Extracted records
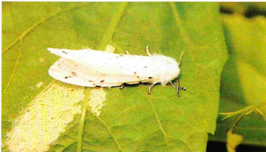
Adulto femmina di Hyphantria C. durante l'ovodeposizione.

I bruchi, raggiunta la maturità (in un mese circa) si mettono alla ricerca di adatti ricoveri: nel terreno, in un anfratto di tronco d'albero, in crepe nei muri, sotto le tegole delle abitazioni, per incrisalidarsi e svernare (larve della II generazione).
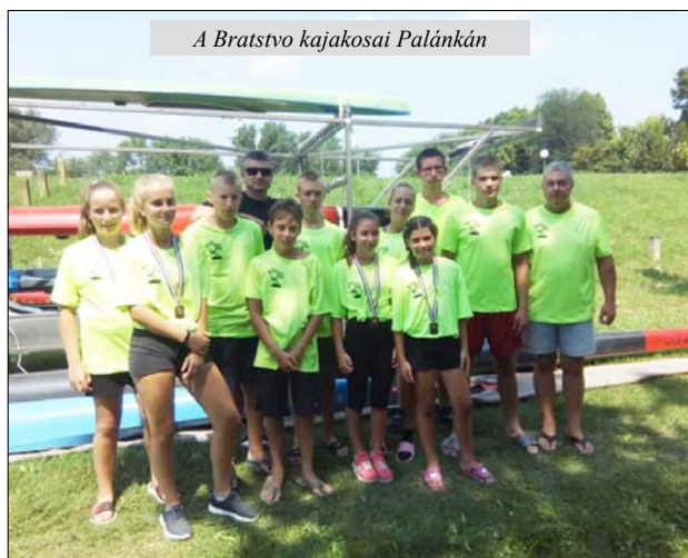
A Bratstvo kajakosai Palánkán
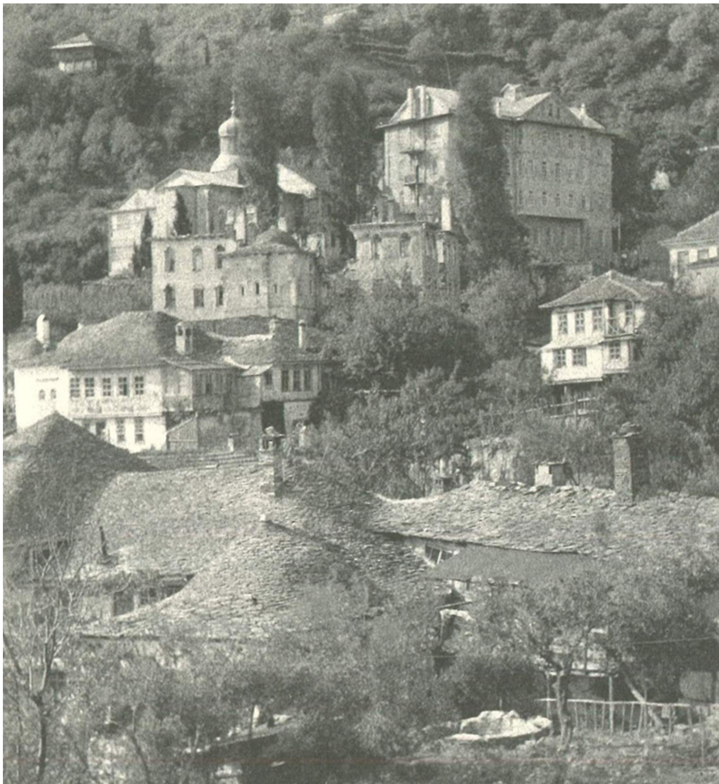
Κελιά των Καρυών (φωτ.1918)

Όπως γράφει ο ιερομόναχος Αναστάσιος Κουτλουμουσιανός: «Όλα του τα χρόνια στη διακονία των ασθενών και των γερόντων. Πέρασε άσημος και έγκλειστος τουλάχιστον είκοσι χρόνια στο Κελλί του. Ποτέ δεν παραπονέθηκε. Ευχαριστούσε τον Θεό και παρακαλούσε να τον σώση δωρεάν, γιατί, τι μπορούσε να κάνει που να
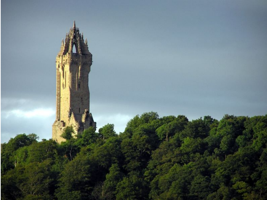
67-метровый неоготический Монумент Уоллеса, построенный в 1869 году шотландским архитектором Джоном Томасом Рокхэдом.
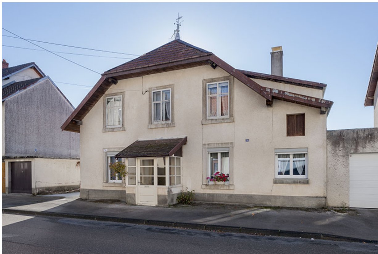
Façade antérieure, de trois quarts droite. 25, Maîche
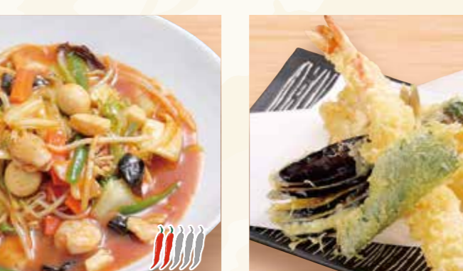
辛味あんかけ 焼きそば 958円 (税込1,035円)
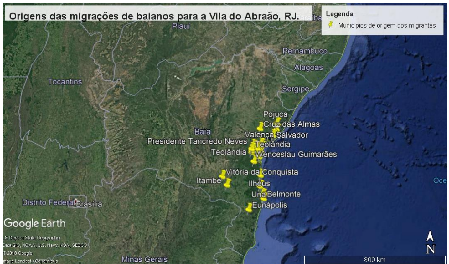
Figura 1- Localização das cidades de origem dos migrantes para a Vila do Abraão

FONTE: Google Earth/ Matrículas escolares da EMBN. Elaborado por: Rafaela Dettogni
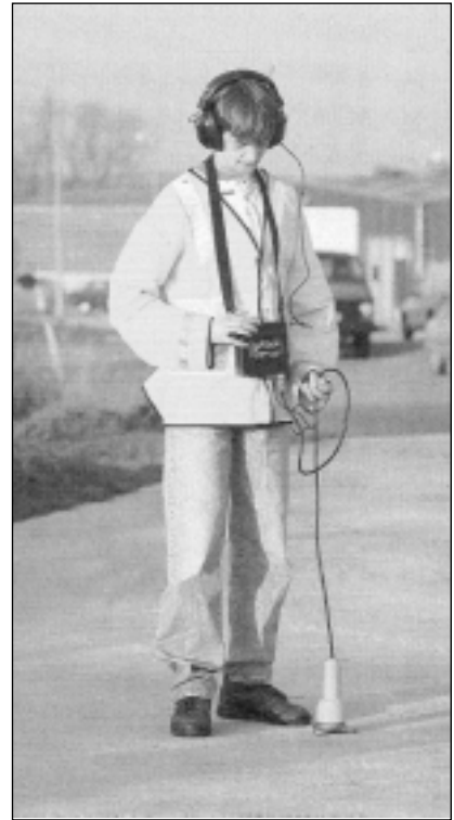
Figure 2. Parmi les appareils d'auscultation typiques se trouvent les tiges d'écoute (gauche) et les microphones au sol (droite).

WHAT YOU HAVE TO DO
Lines of the data above that include the string "droite" must each be copied.

SOLUTION TO THE EXERCISE
Façade antérieure, de trois quarts droite. 25, Maîche
Figure 2. Parmi les appareils d'auscultation typiques se trouvent les tiges d'écoute (gauche) et les microphones au sol (droite).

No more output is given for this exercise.